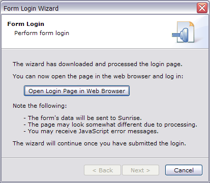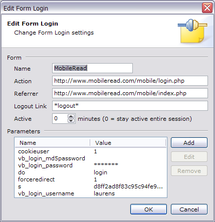 That should do it! I realize that Form Logins might be a little complicated, at least initially, but I don't think I can make them any easier to use.The Form Login Wizard may not work with every form, the processing that goes on behind the scenes might break some JavaScript logic. If you know how HTML forms work you can set up the parameters manually. |
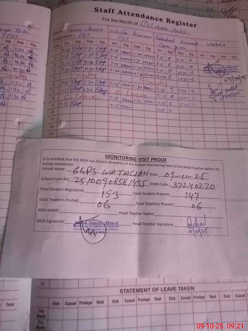 | Attendance Register | Head Teacher | MEA with School | Visit Proof |
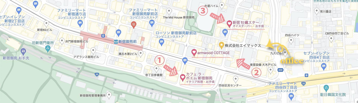 アクセス:丸ノ内線「新宿御苑」駅2番出口から徒歩5分3.場所まとめ
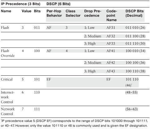 - Class 5 – Expedited Forwarding (EF) – premium service, least likely to be dropped. For time-critical traffic such as voice. DSCP bits cover values from 40-47 but 46 is the only one commonly used with the EF designation.
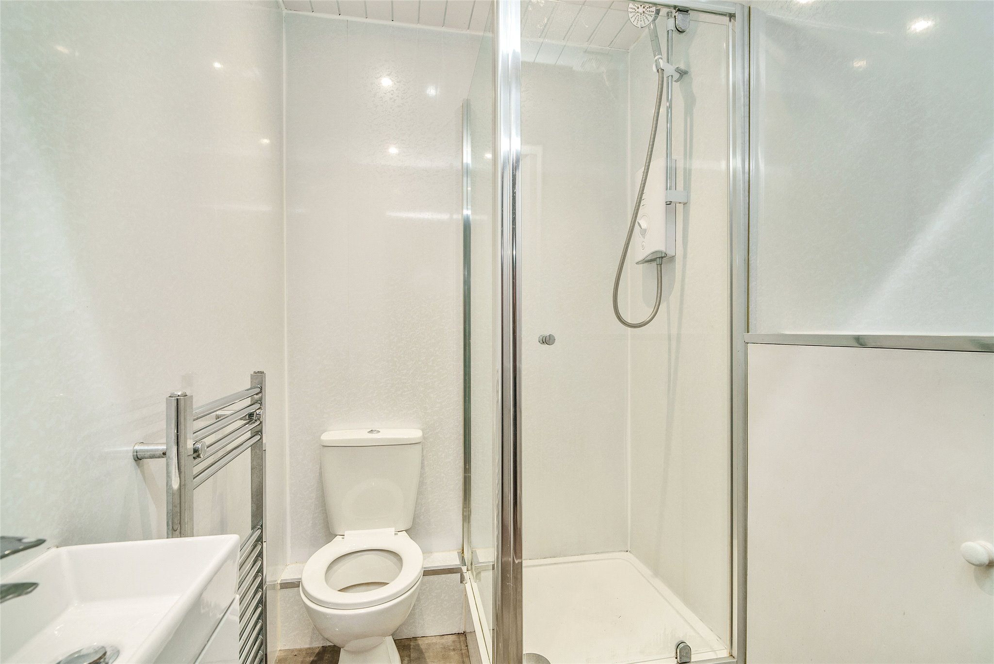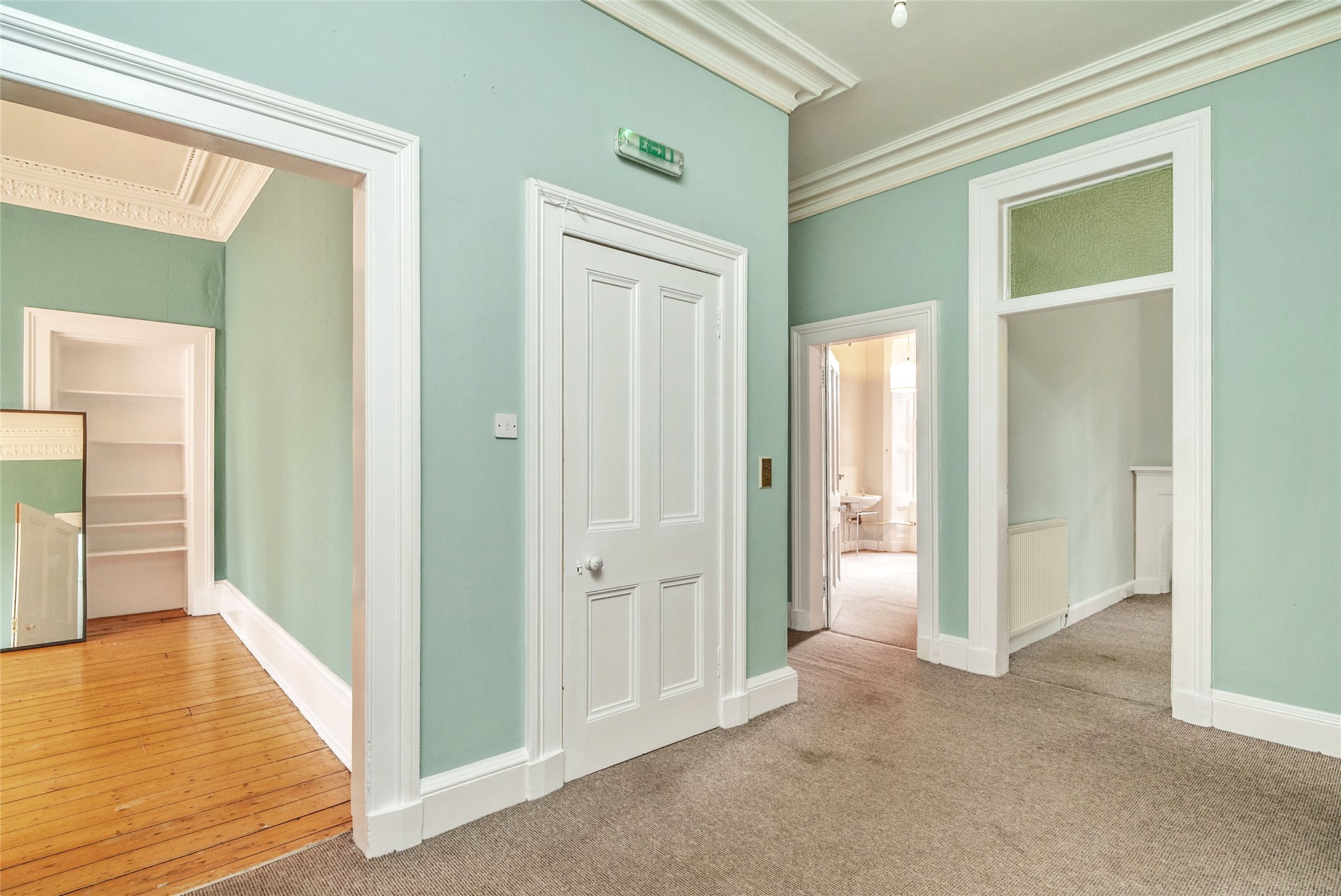 Large entrance hall, two large double bedrooms, three further bedrooms, kitchen, dining room, large sitting room, shower room and bathroom. Two large storage cupboards.
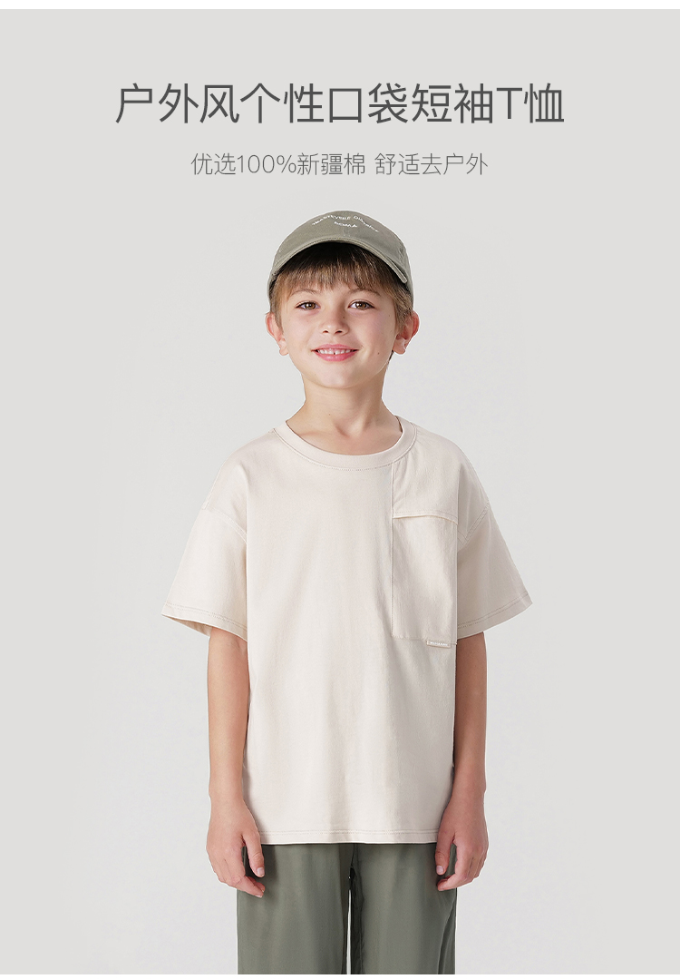 马克珍妮男童城市户外个性口袋短袖T恤儿童纯棉上衣夏装240502
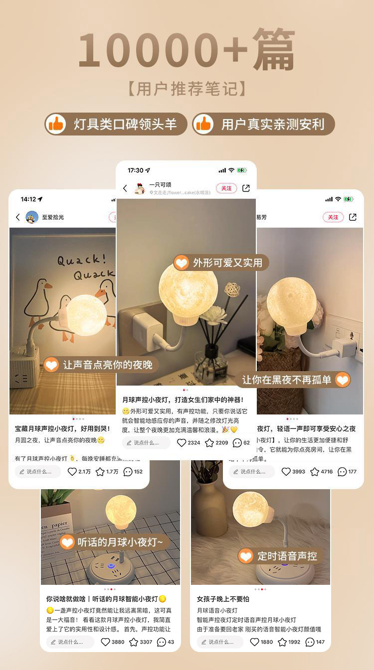 달 조명 USB 야간등 음성 제어 센서등 플러그인 침대 옆등 침실 수면용 작은 테이블 램프 달의 위상 야광등스토어 가기
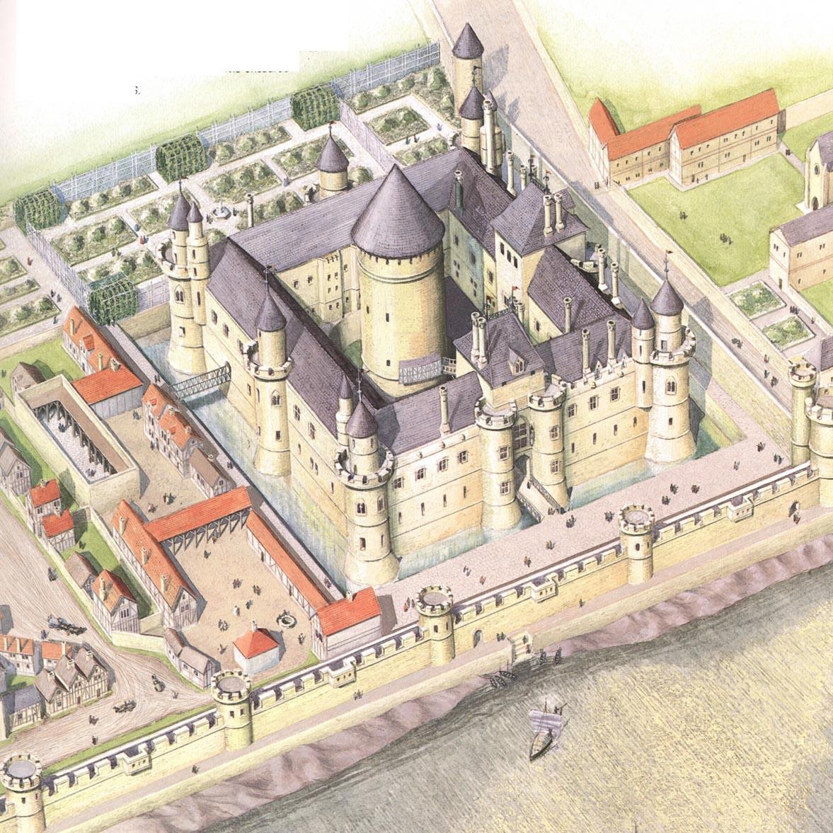 В Лувре Карл постарался установить больший порядок, чем в оставленном замке. Здесь не было купеческих лавок, сюда не пускали посторонних, а казна нашла надежное убежище в донжоне Лувра — в той самой башне, что располагалась в центре луврского двора. Попасть в эту башню придворные могли только в качестве закованных в цепи узников, и, на всякий случай, донжон окружал еще и ров.
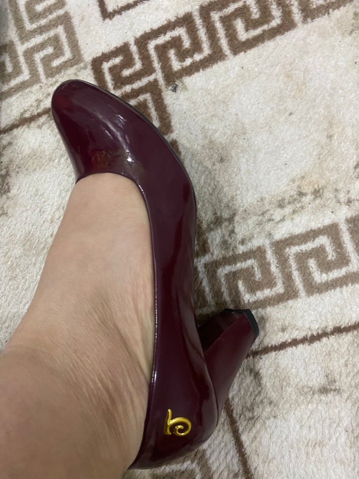 Bordo parlak, kauçuk malzemeden blok topuklu kadın stilettoları, kürk detaylı ve baskılı desene sahip. Klasik ve cesur tarzda, günlük kullanım için uygun.
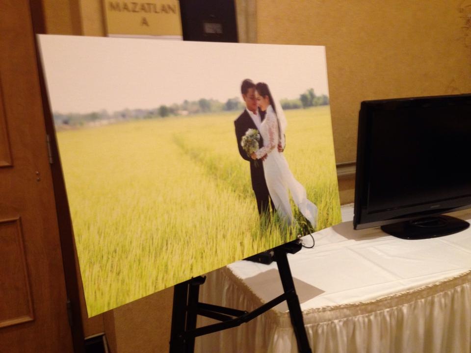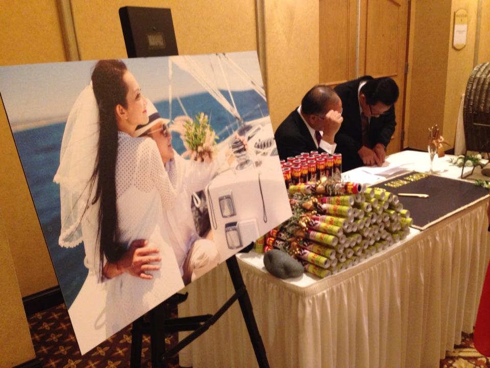 Tiệc cưới của diễn viên Kim Hiền và chồng được tổ chức tại một khách sạn lớn tại Mỹ với những nghi thức theo đúng truyền thống người Việt. Ngoài sảnh, hình cưới của đôi vợ chồng được đặt trang trọng cạnh bàn đón tiếp khách mời.
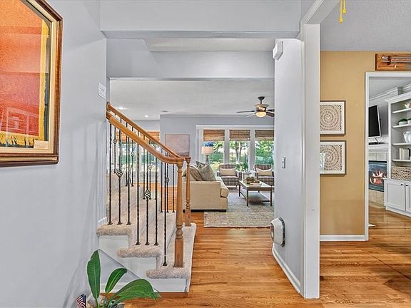 Welcome to this beautiful two-story Craftsman in Lenexa, perfectly positioned on a spacious corner cul-de-sac lot. With 4 large bedrooms each with direct bath access—this home is designed for both comfort and convenience. The layout includes generous main level living spaces, a dedicated office, dining room and beautiful built-ins. The expansive primary suite offers a versatile sitting room, perfect for a second office bonus space. Recent updates include a brand-new covered deck, new roof, new fence, freshly carpeted stairs, newer paint, and manicured landscaping. All appliances stay for a move-in-ready experience. The oversized 3-car garage provides extra storage and easy access for vehicles, equipment, or mobility needs. The large backyard offers plenty of room for outdoor activities, gardening, or peaceful evenings on the covered front or back patios your choice. The partially finished basement is designed for flexibility—featuring a custom bar and open space ready to become a rec room, home gym, or guest suite while still utilizing the large storage spaces. Neighborhood amenities include a pool, nearby public golf courses, great restaurants and sidewalks throughout for easy navigation. This home is waiting for you to call it yours!
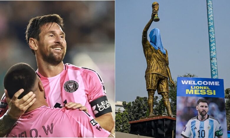 फुटबॉल के दिग्गज खिलाड़ी लियोनेस मेस्सी इस समय भारत दौरे पर हैं. हालांकि, शनिवार सुबह जब यह सुपरस्टार खिलाड़ी कोलकाता के सॉल्ट लेक स्टेडियम पहुंचा तो वहां कुछ ही देर में जश्न मातम में बदल गया. अर्जेंटीना के यह दिग्गज फुटबॉलर 14 साल बाद भारत दौरे पर आया है. मेस्सी के साथ उरुग्वे के लुईस सुआरेज और अर्जेंटीना के मिडफील्डर रोड्रिगो डी पॉल भी हैं. तीनों दिग्गज रात 2:30 बजे कोलकाता एयरपोर्ट पहुंचे. जहां उन्होंने सुबह 11 बजे 70 फीट ऊंचे अपने स्टैच्यू का वर्चुअल उद्घाटन किया. इस दौरान बॉलीवुड एक्टर शाहरुख खान भी शामिल रहे.
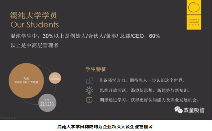 在這里,你可以選擇諾貝爾獎(jiǎng)獲得者、全球頂尖學(xué)府教授、世界一流學(xué)者等大咖成為你的實(shí)戰(zhàn)領(lǐng)袖,也可以同張泉靈、蔣昌建、徐小平等優(yōu)秀學(xué)員成為校友。而你的同學(xué),則會(huì)是一大批優(yōu)秀的企業(yè)領(lǐng)頭人及中高層管理者。

> _INSTRUCTIONS FOR THE TASK_
Wherever an image appears, omit it; copy the rest of the records exactly.

> _EXERCISE SOLUTION_
 That should do it! I realize that Form Logins might be a little complicated, at least initially, but I don't think I can make them any easier to use.The Form Login Wizard may not work with every form, the processing that goes on behind the scenes might break some JavaScript logic. If you know how HTML forms work you can set up the parameters manually. |
 | Attendance Register | Head Teacher | MEA with School | Visit Proof |
 アクセス:丸ノ内線「新宿御苑」駅2番出口から徒歩5分3.場所まとめ
 - Class 5 – Expedited Forwarding (EF) – premium service, least likely to be dropped. For time-critical traffic such as voice. DSCP bits cover values from 40-47 but 46 is the only one commonly used with the EF designation.
 Large entrance hall, two large double bedrooms, three further bedrooms, kitchen, dining room, large sitting room, shower room and bathroom. Two large storage cupboards.
 马克珍妮男童城市户外个性口袋短袖T恤儿童纯棉上衣夏装240502
 달 조명 USB 야간등 음성 제어 센서등 플러그인 침대 옆등 침실 수면용 작은 테이블 램프 달의 위상 야광등스토어 가기
 В Лувре Карл постарался установить больший порядок, чем в оставленном замке. Здесь не было купеческих лавок, сюда не пускали посторонних, а казна нашла надежное убежище в донжоне Лувра — в той самой башне, что располагалась в центре луврского двора. Попасть в эту башню придворные могли только в качестве закованных в цепи узников, и, на всякий случай, донжон окружал еще и ров.
 Bordo parlak, kauçuk malzemeden blok topuklu kadın stilettoları, kürk detaylı ve baskılı desene sahip. Klasik ve cesur tarzda, günlük kullanım için uygun.
 Tiệc cưới của diễn viên Kim Hiền và chồng được tổ chức tại một khách sạn lớn tại Mỹ với những nghi thức theo đúng truyền thống người Việt. Ngoài sảnh, hình cưới của đôi vợ chồng được đặt trang trọng cạnh bàn đón tiếp khách mời.
 Welcome to this beautiful two-story Craftsman in Lenexa, perfectly positioned on a spacious corner cul-de-sac lot. With 4 large bedrooms each with direct bath access—this home is designed for both comfort and convenience. The layout includes generous main level living spaces, a dedicated office, dining room and beautiful built-ins. The expansive primary suite offers a versatile sitting room, perfect for a second office bonus space. Recent updates include a brand-new covered deck, new roof, new fence, freshly carpeted stairs, newer paint, and manicured landscaping. All appliances stay for a move-in-ready experience. The oversized 3-car garage provides extra storage and easy access for vehicles, equipment, or mobility needs. The large backyard offers plenty of room for outdoor activities, gardening, or peaceful evenings on the covered front or back patios your choice. The partially finished basement is designed for flexibility—featuring a custom bar and open space ready to become a rec room, home gym, or guest suite while still utilizing the large storage spaces. Neighborhood amenities include a pool, nearby public golf courses, great restaurants and sidewalks throughout for easy navigation. This home is waiting for you to call it yours!
 फुटबॉल के दिग्गज खिलाड़ी लियोनेस मेस्सी इस समय भारत दौरे पर हैं. हालांकि, शनिवार सुबह जब यह सुपरस्टार खिलाड़ी कोलकाता के सॉल्ट लेक स्टेडियम पहुंचा तो वहां कुछ ही देर में जश्न मातम में बदल गया. अर्जेंटीना के यह दिग्गज फुटबॉलर 14 साल बाद भारत दौरे पर आया है. मेस्सी के साथ उरुग्वे के लुईस सुआरेज और अर्जेंटीना के मिडफील्डर रोड्रिगो डी पॉल भी हैं. तीनों दिग्गज रात 2:30 बजे कोलकाता एयरपोर्ट पहुंचे. जहां उन्होंने सुबह 11 बजे 70 फीट ऊंचे अपने स्टैच्यू का वर्चुअल उद्घाटन किया. इस दौरान बॉलीवुड एक्टर शाहरुख खान भी शामिल रहे.
 在這里,你可以選擇諾貝爾獎(jiǎng)獲得者、全球頂尖學(xué)府教授、世界一流學(xué)者等大咖成為你的實(shí)戰(zhàn)領(lǐng)袖,也可以同張泉靈、蔣昌建、徐小平等優(yōu)秀學(xué)員成為校友。而你的同學(xué),則會(huì)是一大批優(yōu)秀的企業(yè)領(lǐng)頭人及中高層管理者。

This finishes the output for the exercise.